Output the listing below verbatim, but drop the images.

* [Data]:
——————
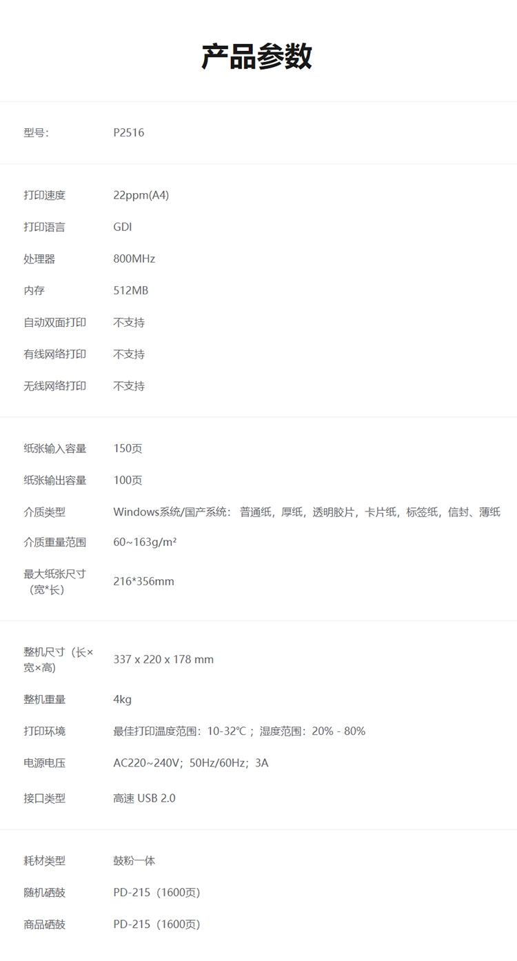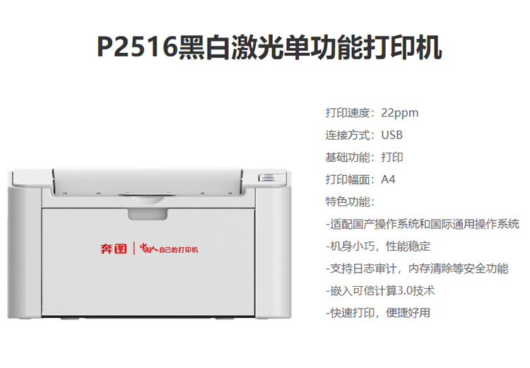 商品名稱:奔圖 A4黑白激光單功能打印機 P2516
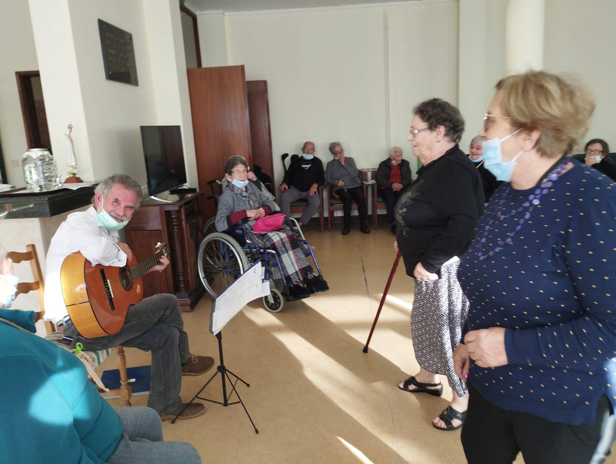 Da parte da tarde, o nosso voluntário Delfim Lima acompanhado da sua guitarra, proporcionou uma tarde bastante animada com música e dança que fez o agrado dos idosos e funcionárias que participaram na festa. Houve ainda um momento de troca de provérbios entre os participantes.
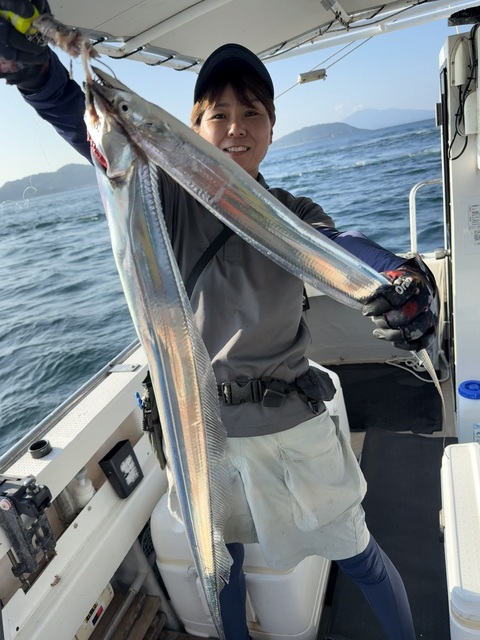 どうも、船上カメラマンです(`・ω・́)ゞ🎣 本日はタチウオ釣りで出船しました! ポイント到着、アタリはあるものの...なかなかフッキングせず💦 ようやくあがってきたと思えば、小型中心の展開。 しかし!そんな中、まさかの“シングルフックでWヒット”というミラクル発生✨ タチウオたちも思わず二度見したかもしれません(笑) 渋い状況の中、最後まで粘っていただきありがとうございました! 暑い中、本日もお疲れ様でした(`・ω・́)ゞ🔥
——————
* [Response to the exercise]:
 商品名稱:奔圖 A4黑白激光單功能打印機 P2516
 Da parte da tarde, o nosso voluntário Delfim Lima acompanhado da sua guitarra, proporcionou uma tarde bastante animada com música e dança que fez o agrado dos idosos e funcionárias que participaram na festa. Houve ainda um momento de troca de provérbios entre os participantes.
 どうも、船上カメラマンです(`・ω・́)ゞ🎣 本日はタチウオ釣りで出船しました! ポイント到着、アタリはあるものの...なかなかフッキングせず💦 ようやくあがってきたと思えば、小型中心の展開。 しかし!そんな中、まさかの“シングルフックでWヒット”というミラクル発生✨ タチウオたちも思わず二度見したかもしれません(笑) 渋い状況の中、最後まで粘っていただきありがとうございました! 暑い中、本日もお疲れ様でした(`・ω・́)ゞ🔥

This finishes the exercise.